Pour intégrer encore plus la salle des États, devenue le « saint des saints » du musée, dans le parcours général, et pour animer l’immensité des murs, les peintres ont travaillé une patine noire rappelant celle créée, au début des années 1970 avec l’aide de Pierre Soulages, dans lesdites « salles rouges ». Encore fallait-il inventer la couleur. Le bleu nuit si particulier, fruit d’une sous-couche de bleu de Prusse et d’une patine noire, créé pour l’occasion, s’est imposé de l’observation des tableaux vénitiens, des Noces de Cana au premier chef, où la juxtaposition de couleurs complémentaires renforce l’éclat chromatique de l’ensemble.
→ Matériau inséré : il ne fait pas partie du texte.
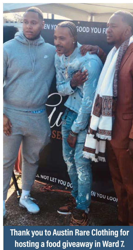
Thank you to Austin Rare Clothing for hosting a food giveaway in Ward 7.

L’importance des orangés, des roses, des rouges chez Titien ou Véronèse, réhaussés par l’éclat des cadres dorés, ressort mieux sur le bleu. Par ailleurs, cette couleur répond en écho, mais sur le mode sombre, aux nombreux ciels qui animent les toiles, notamment dans La Vénus du Pardo de Titien, récemment restaurée ; l’effet de profondeur est particulièrement évident dans Les Noces de Cana, où le ciel se déploie entre de grandes architectures blanches. Restait l’épineux problème du voisinage avec La Joconde, dont la vitrine bénéficie d’un nouveau verre beaucoup plus transparent. La façon dont le tableau est peint, tout en glacis subtils, contraste avec le grand geste et l’éclat vénitiens. De plus, le bleu ayant tendance à renforcer le jaunissement des vernis, il a été décidé de subtilement « débleuir » le fond sur lequel elle est accrochée, de façon à lui permettre de vivre sa vie propre, tout en participant à l’esprit de l’ensemble.